Gunmen in northwest Nigeria kidnapped about 30 students from a forestry college near a military academy, in the fourth mass school abduction since December, authorities said.
The latest abduction took place around 11:30pm on Thursday at the Federal College of Forestry Mechanization, Afaka, in the Igabi local government area of Kaduna state, police said.
“About 30 students, a mix of males and females, are yet to be accounted for,” the state’s commissioner for International Security and Home Affairs, Samuel Aruwan, said in a statement on Friday. Several staff of the school were also kidnapped, he added.
The college sits on the outskirts of Kaduna city, capital of Kaduna state, in a region roamed by armed gangs, who often travel on motorcycles.
“This is the first time that a mass abduction of girls is happening in a higher institution of learning,” Fidelis Mbah, a journalist based in the Nigerian capital, Abuja, told Al Jazeera.
“The armed men have always targeted secondary schools where younger students attended. This is a new development from their usual mode of operation.”
Mbah said that authorities have yet to comment on which group is behind the kidnapping.
On Friday morning, relatives of students gathered at the gates of the college, which was surrounded by about 20 army trucks.
Resident Haruna Salisu, speaking by phone, told Reuters news agency he had heard sporadic gunshots at about 11:30pm local time.
“We were not panicking, thinking that it was a normal military exercise being conducted at the Nigerian Defence Academy,” he said.
“We came out for dawn prayers, at 5:20am, and saw some of the students, teachers and security personnel all over the school premises. They told us that gunmen raided the school and abducted some of the students.”
Salisu said he had seen military personnel taking the remaining students into the academy.
Lawless region
Heavily armed criminal gangs in northwestern and central Nigeria have stepped up attacks in recent years, kidnapping for ransom, raping and pillaging.
The Nigerian military deployed to the area in 2016 and a peace deal with bandits was signed in 2019 but attacks have continued.
Within the last few weeks, 279 schoolgirls were freed after being abducted from their boarding school at Jangebe in northwest Nigeria’s Zamfara state, and 27 teenage boys were released after being kidnapped from their school in the north-central state of Niger, along with three staff and 12 family members. One student was shot dead in that attack.
Before that, in December, more than 300 boys were kidnapped from a school in Kankara, in President Muhammadu Buhari’s home state of Katsina, while the president was visiting the region.

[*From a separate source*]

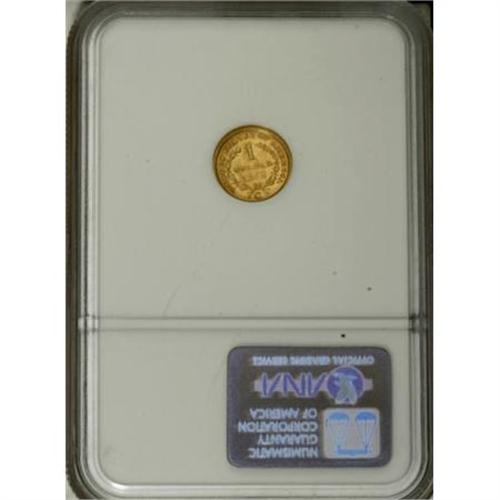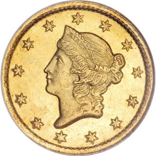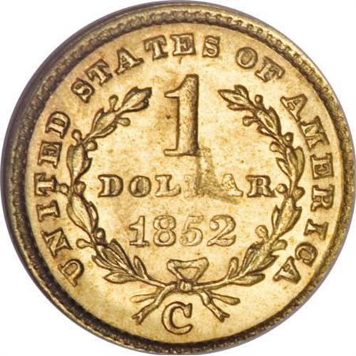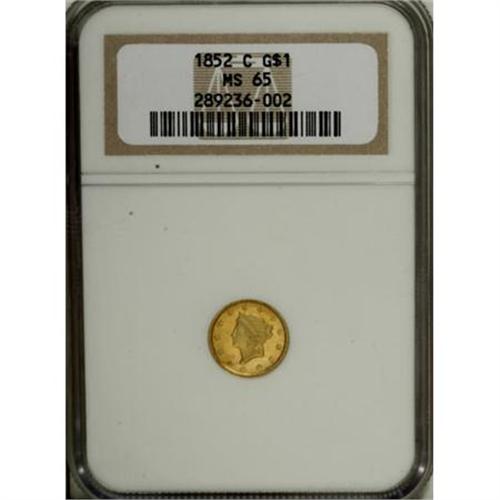 <B>1852-C G$1 MS65 NGC.</B></I> Variety 7-H. This is an impressive Gem representative, and among the finest known survivors of this important Charlotte Mint gold dollar. Only 9,434 examples of this date were coined, and approximately 100 pieces survive in all grades. Like most known survivors, this example has weakness at LA of DOLLAR, appearing similar to a planchet flake but actually a die problem. A small spot of grease or some other foreign matter adhered to the reverse die at the time these pieces were struck. This Gem has frosty green-gold luster with extraordinary design definition. The fields are slightly reflective and the devices are lustrous, creating a cameo appearance. Census: 5 in 65, 1 finer (1/08).<BR><I>From The Southwest Collection.</B></I><BR><BR><B>Coin Engraver:</B> James B. Longacre<BR><BR><b>Shipping:</b> Coins & Currency (<a target="_blank" href="http://www.heritageauctions.com/common/shipping.php">view shipping information</a>)

The boys were later released but the incident triggered outrage and memories of the kidnappings of at least 276 schoolgirls by the Boko Haram armed group in Chibok in 2014 that shocked the world. Many of those girls are still missing.

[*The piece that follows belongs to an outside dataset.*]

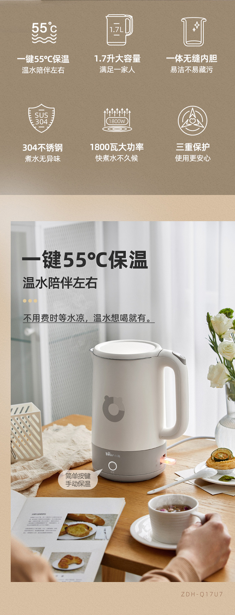 小熊(bear)电水壶电热水壶55度保温功能一体 无缝内胆 ZDH-Q17U7

Kidnapping for ransom in Africa’s most populous country is a widespread national problem, with businessmen, officials and citizens snatched from the streets by criminals looking for money.

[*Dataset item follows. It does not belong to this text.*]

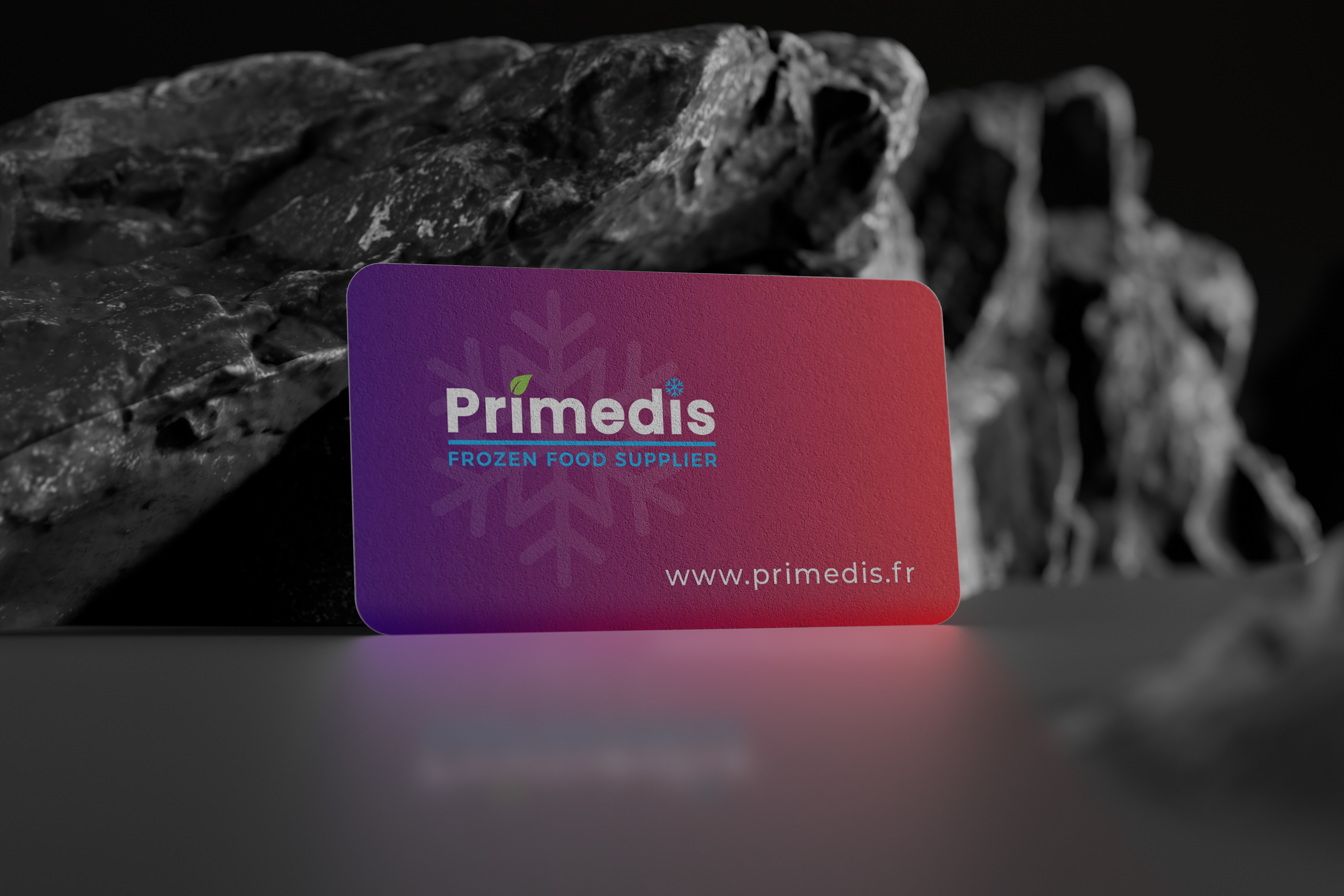 Pour l’entreprise PRIMEDIS, spécialisée dans l’import-export de produits surgelés, j’ai eu en charge la direction artistique et la création de la carte de visite.

At least $11m was paid to kidnappers between January 2016 and March 2020, according to SB Morgen, a Lagos-based geopolitical research consultancy.
In late February, Buhari urged state governments to “review their policy of rewarding bandits with money and vehicles, warning that the policy might boomerang disastrously”.
The unrest has become a political problem for Buhari, a retired general and former military ruler who has faced mounting criticism over the rise in violent crime, and replaced his longstanding military chiefs in February.